Although I have only been to Taiwan twice, I consider myself a friend of Taiwan and enjoy reading your newspaper online.
However, a recent headline in your newspaper ("Bush kills off hopes for G8 climate change plan," June 2, page 1) contributes to a false (and negative) impression about what my country is doing.
We have faults and we have made mistakes in foreign policy, but we are not insensitive to the environment or to global warming. Both the Republicans and the Democrats are committed to reducing greenhouse gases. Most of the non-nuclear clean air technology developed in the last 20 years came from the US.
For the most part, the European, Japanese and South Korean automobile industries have simply copied and deployed technology that was developed at the Massachusetts Institute of Technology or Harvard.
US President George W. Bush's latest environmental initiative is an effort to get around old objections in the US Congress to provisions in the (now expiring) Kyoto Protocol so that the G8 countries may adopt standards that will actually be implemented. Bush and Secretary of State Condoleezza Rice should be praised for aggressively pursuing US efforts to limit greenhouse gases and reverse global warming.
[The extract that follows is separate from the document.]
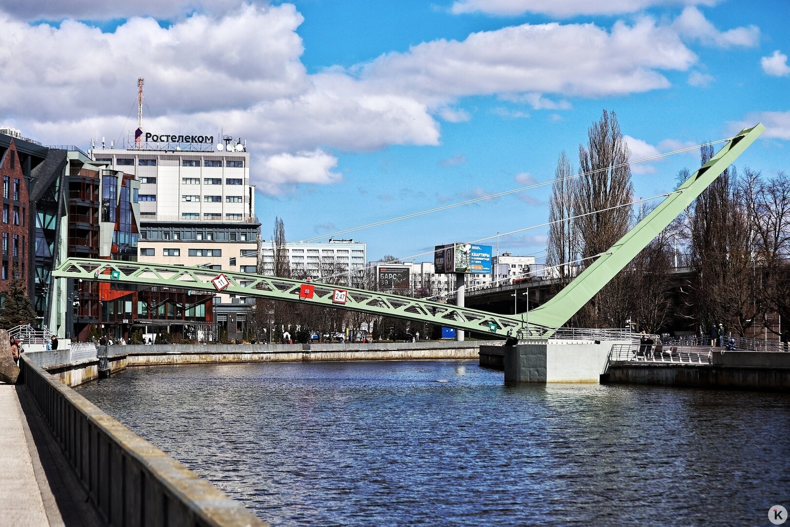 В Калининграде официально открыли пешеходный мост, соединивший набережную на Баграмяна с островом Канта. Фотокорреспондент «Клопс» прогулялся по новой переправе в четверг, 9 апреля.
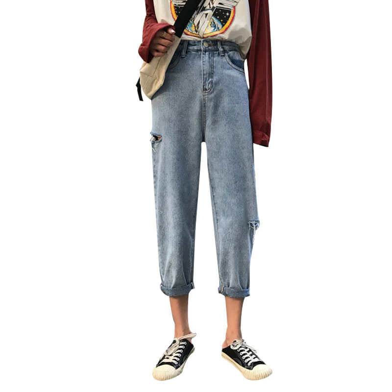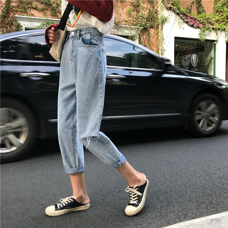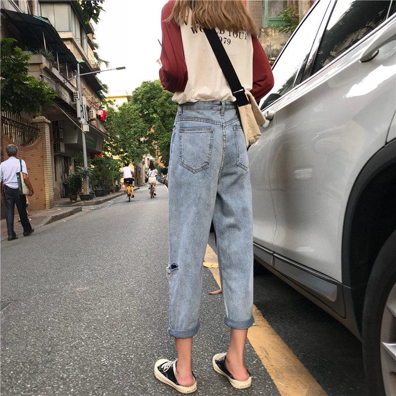 / 秋裝女裝韓版寬松百搭水洗哈倫褲牛仔褲高腰顯瘦破洞直筒褲九分褲

Although one would not know it by listening to former US vice president Al Gore, the Kyoto Protocol was rejected during the Clinton administration as it would have forced the closure of critical US industries.
It is very easy for countries that do not have large industries to suggest that such factories be closed, but these are the same countries -- such as France -- that beg for help from the US at the first hint of a threat from their neighbors.
I am proud of what the US is doing for the environment and am confident that the solutions will come largely from US laboratories and industries.